Gabon : les limites de la contestation politique face aux dérives verbales

Gabon : les limites de la contestation politique face aux dérives verbales

La frontière entre engagement civique et propos outrageants se réduit chaque jour davantage. Geoffroy Foumboula Libeka Makosso, figure majeure de la société civile gabonaise, a tiré la sonnette d’alarme lors d’une conférence de presse organisée à Libreville. Le leader associatif a fermement condamné les attaques verbales récentes visant le président Brice Clotaire Oligui Nguema, son épouse ainsi que sa mère, attribuées à certains activistes exilés. Il rappelle avec force que la contestation politique doit s’exercer dans le respect des règles, sans basculer dans l’injure ou la diffamation.

Les dernières déclarations attribuées à un activiste surnommé « Lanlaire » ont particulièrement retenu son attention. Pour Geoffroy Foumboula Libeka Makosso, ces propos dépassent largement le cadre légitime du débat public. Selon lui, la critique des institutions et de leurs représentants est une chose, mais l’outrage et l’insulte en sont une autre. Il insiste : « L’insulte, la diffamation, l’outrage ne constituent pas des manifestations de la liberté d’expression, mais des délits punis par la loi ».

Quand la contestation devient-elle une infraction ?
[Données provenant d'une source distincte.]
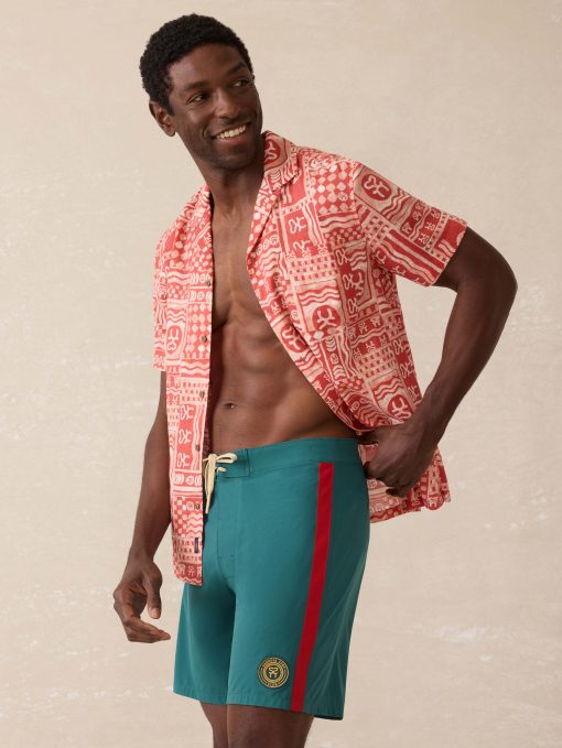 - Detail: Top applied stripes at outseams. Reverse entry zipper pocket at wearer’s right backside. Classic boardshort drawcord tie closure. Gusset fly with both velcro closure. Compression knit liner with media pocket on wearer’s left side. “Sankofa Surf Club” woven patch at wearer’s left hem. Faherty Brand woven label at center back of waistband.

Geoffroy Foumboula Libeka Makosso revient sur son propre parcours militant pour illustrer sa position. Son engagement s’est toujours appuyé sur des actions concrètes : plaidoyers, prises de parole publiques, et, le cas échéant, recours aux tribunaux. Pour lui, l’opposition aux idées ne justifie en aucun cas le recours à l’humiliation ou à l’agression verbale. Il rappelle que la transition politique en cours au Gabon ne doit pas être interprétée comme une période d’impunité pour les excès verbaux.

Selon lui, la restauration de l’ordre constitutionnel passe nécessairement par le respect des règles de droit. « La volonté de réconciliation ne saurait être un blanc-seing accordé aux dérives », déclare-t-il. Il appelle ainsi à une application stricte de la loi lorsque des infractions sont caractérisées, sans se contenter de condamnations symboliques.

Des activistes dans l’orbite du pouvoir : une proximité dangereuse ?

Geoffroy Foumboula Libeka Makosso ne se contente pas de critiquer les auteurs des propos outrageants. Il interpelle également les autorités sur les relations ambiguës qu’elles entretiennent avec certains activistes de la diaspora. Ces derniers, connus pour leurs attaques virulentes contre le pouvoir, bénéficieraient, selon lui, d’une attention particulière de la part des institutions. Il évoque notamment des invitations officielles au Gabon, des apparitions dans les médias publics, voire des rencontres lors de déplacements présidentiels.

L’intéressé a également rapporté des allégations selon lesquelles un activiste aurait reçu une somme importante de la part d’un membre de la délégation présidentielle pour tenir des propos hostiles envers le chef de l’État. Ces déclarations, non vérifiées judiciairement, soulèvent des questions sur d’éventuelles manipulations ou conflits d’intérêts.

Pour une démocratie apaisée : la fin des privilèges verbaux

Geoffroy Foumboula Libeka Makosso exige une clarification immédiate de la part de la présidence et de ses collaborateurs. Il dénonce une « trop grande proximité » avec des activistes dont les seuls « états de service » seraient les insultes et les provocations. Selon lui, cette indulgence pourrait donner l’impression que l’outrance est un moyen d’accéder à la visibilité ou même aux cercles du pouvoir.

Il met en garde contre les risques d’une telle situation : le sentiment d’impunité chez les auteurs de dérives, la banalisation de l’outrage, et la dégradation de l’image de la République. Pour éviter ces écueils, il appelle à des poursuites judiciaires systématiques contre les auteurs d’infractions caractérisées. Il invite également les citoyens à jouer un rôle actif en refusant de relayer ou de légitimer ces propos injurieux, notamment sur les réseaux sociaux.

La liberté d’expression ne doit pas devenir une licence

Geoffroy Foumboula Libeka Makosso rappelle que la liberté d’expression est un pilier essentiel de la démocratie, même lorsqu’elle dérange. Cependant, elle ne saurait servir de paravent à des comportements délictueux. La critique du pouvoir est légitime, mais elle doit s’inscrire dans le respect des lois. Pour lui, le débat démocratique ne peut prospérer que si chacun assume les conséquences de ses propos.

Il conclut en appelant à un débat public de qualité, où les idées s’affrontent sans que les personnes ne soient prises pour cible. Car, selon lui, « critiquer relève du débat démocratique ; l’éventuelle infraction, elle, relève du juge ».